PETRONAS WITH MALAYSIAKINI: revealed plans to aid Malay business

Marketing: Petronas vehicle to aid Malay businesses

Marketing and Sales
Feb 19, 2009

Malaysia's state-owned oil company, Petronas, has revealed plans to aid Malay business people to bring their products to market via its petrol stations.

Like most petrol retailers, Petronas operates mini-marts within its petrol stations, and like many retailers, it operates a kind of department-store approach with what amounts to a rental (or rebate against purchase price) for placing goods on its shelves.

Petronas has a system called "listing fees" - which amount to a prepayment of a rebate against full invoice cost.

Now the company has decided that it wishes to aid "Bumiputra" (ethnic Malays and some Indian converts to Islam) entrepreneurs who see the listing fee as a block to accessing the market.

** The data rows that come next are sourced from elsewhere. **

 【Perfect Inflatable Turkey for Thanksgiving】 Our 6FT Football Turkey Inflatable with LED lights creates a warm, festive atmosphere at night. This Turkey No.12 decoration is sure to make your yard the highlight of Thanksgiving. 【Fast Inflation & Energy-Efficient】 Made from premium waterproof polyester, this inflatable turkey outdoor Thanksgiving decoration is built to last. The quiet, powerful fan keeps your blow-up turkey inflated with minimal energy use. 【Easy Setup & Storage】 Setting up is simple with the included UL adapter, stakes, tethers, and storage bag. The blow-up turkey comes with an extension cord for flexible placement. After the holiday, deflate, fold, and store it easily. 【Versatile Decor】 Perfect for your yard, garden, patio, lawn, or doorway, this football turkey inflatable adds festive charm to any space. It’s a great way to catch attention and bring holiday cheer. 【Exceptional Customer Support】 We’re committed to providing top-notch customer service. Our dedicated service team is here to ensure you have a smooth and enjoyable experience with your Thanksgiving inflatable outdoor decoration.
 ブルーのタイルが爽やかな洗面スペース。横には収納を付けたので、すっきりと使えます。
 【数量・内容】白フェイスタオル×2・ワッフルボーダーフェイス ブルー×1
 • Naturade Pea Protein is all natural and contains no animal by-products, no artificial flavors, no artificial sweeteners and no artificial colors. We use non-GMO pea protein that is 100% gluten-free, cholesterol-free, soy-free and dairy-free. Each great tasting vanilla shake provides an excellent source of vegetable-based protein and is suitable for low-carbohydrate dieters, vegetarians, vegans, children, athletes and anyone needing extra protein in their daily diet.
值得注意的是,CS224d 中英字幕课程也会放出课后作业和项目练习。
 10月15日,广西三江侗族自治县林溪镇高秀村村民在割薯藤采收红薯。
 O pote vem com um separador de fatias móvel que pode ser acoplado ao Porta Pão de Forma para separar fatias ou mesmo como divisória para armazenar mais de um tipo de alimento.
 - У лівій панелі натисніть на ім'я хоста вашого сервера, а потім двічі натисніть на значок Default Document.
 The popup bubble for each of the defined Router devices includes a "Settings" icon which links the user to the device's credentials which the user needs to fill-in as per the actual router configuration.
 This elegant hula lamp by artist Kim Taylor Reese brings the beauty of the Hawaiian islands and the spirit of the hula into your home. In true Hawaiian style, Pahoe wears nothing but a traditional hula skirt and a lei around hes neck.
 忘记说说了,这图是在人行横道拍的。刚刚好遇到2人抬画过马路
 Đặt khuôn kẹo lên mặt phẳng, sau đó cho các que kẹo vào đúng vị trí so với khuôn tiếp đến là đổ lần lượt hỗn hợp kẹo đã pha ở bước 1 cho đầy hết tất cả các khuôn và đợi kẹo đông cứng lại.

In conjunction with the Ministry of Entrepreneur and Cooperative Development and other government departments, Petronas will provide space to those "Bumi" entrepreneurs that work with Sirim Berhad and the Malaysian Agricultural Research and Development Institute to improve the quality of their products and packaging.

The listing fees will be covered by loans from the Ministry, administered by Majlis Amanah Rakyat (MARA) and Entrepreneur Development Institution (TEKUN), said Minister Datuk Noh Omar in an answer in Parliament yesterday.

The aid is apparently not available to Chinese, Indian and "other races" who make up around 50% of the population.